The girl looked up at Bones.

“It is curious that we should have been talking about poetry today, isn’t it?” she asked. “Now, Mr Tibbetts, I’m going to insist upon your bringing that book of yours tomorrow.”

Bones, very flushed of face, shook his head. “Dear old disciple,” he said huskily, “another time…another time…poetry should be kept for years…like old wine…”

“Who said that?” she asked, folding her paper and rising.

“Competent judges,” said Bones, with a gulp.

THE LAMP THAT NEVER WENT OUT


“Have you seen her?” asked Bones.

He put this question with such laboured unconcern that Hamilton put down his pen and glared suspiciously at his partner.

“She’s rather a beauty,” Bones went on, toying with his ivory paper. knife. “She has one of those dinky bonnets, dear old thing, that makes you feel awfully braced with life.”

Hamilton gasped. He had seen the beautiful Miss Whitland enter the office half an hour before, but he had not noticed her head-dress.

“Her body’s dark blue, with teeny red stripes,” said Bones dreamily, “and all her fittings are nickel-plated–”
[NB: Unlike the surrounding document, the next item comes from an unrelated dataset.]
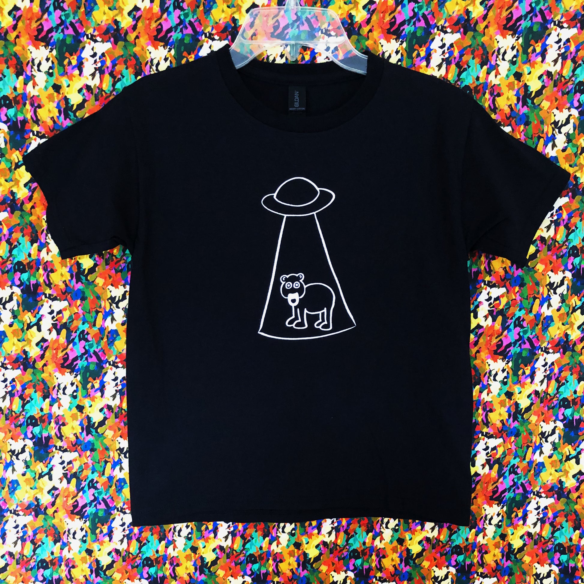 UFO transporting a black bear. Screen printed graphic tee on a youth size shirt.

“Stop!” commanded Hamilton hollowly. “To what unhappy woman are you referring in this ribald fashion?”

“Woman!” splattered the indignant Bones. “I’m talking about my car.”

“Your car?

“My car,” said Bones, in the off-handed way that a sudden millionaire might refer to “my earth.”

“You’ve bought a car?”

Bones nodded.

“It’s a jolly good ’bus,” he said. “I thought of running down to Brighton on Sunday.”

Hamilton got up and walked slowly across the room with his hands in his pockets.
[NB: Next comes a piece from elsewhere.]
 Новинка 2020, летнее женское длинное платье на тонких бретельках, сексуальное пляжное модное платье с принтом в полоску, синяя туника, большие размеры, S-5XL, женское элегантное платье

“You’re thinking of running down to Brighton, are you?” he said. “Is it one of those kind of cars where you have to do your own running?”

Bones, with a good-natured smile, also rose from his desk and walked to the window.

“My car,” he said, and waved his hand to the street.

By craning his neck, Hamilton was able to get a view of the patch of roadway immediately in front of the main entrance to the building. And undoubtedly there was a car in waiting – a long, resplendent machine that glittered in the morning sunlight.

“What’s the pink cushion on the seat?” asked Hamilton.

“That’s not a pink cushion, dear old myoptic,” said Bones calmly; “that’s my chauffeur – Ali ben Ahmed.”

“Good lor!” said the impressed Hamilton. “You’ve a nerve to drive into the City with a sky-blue Kroo boy.”

Bones shrugged his shoulders.

“We attracted a certain amount of attention,” he admitted, not without satisfaction.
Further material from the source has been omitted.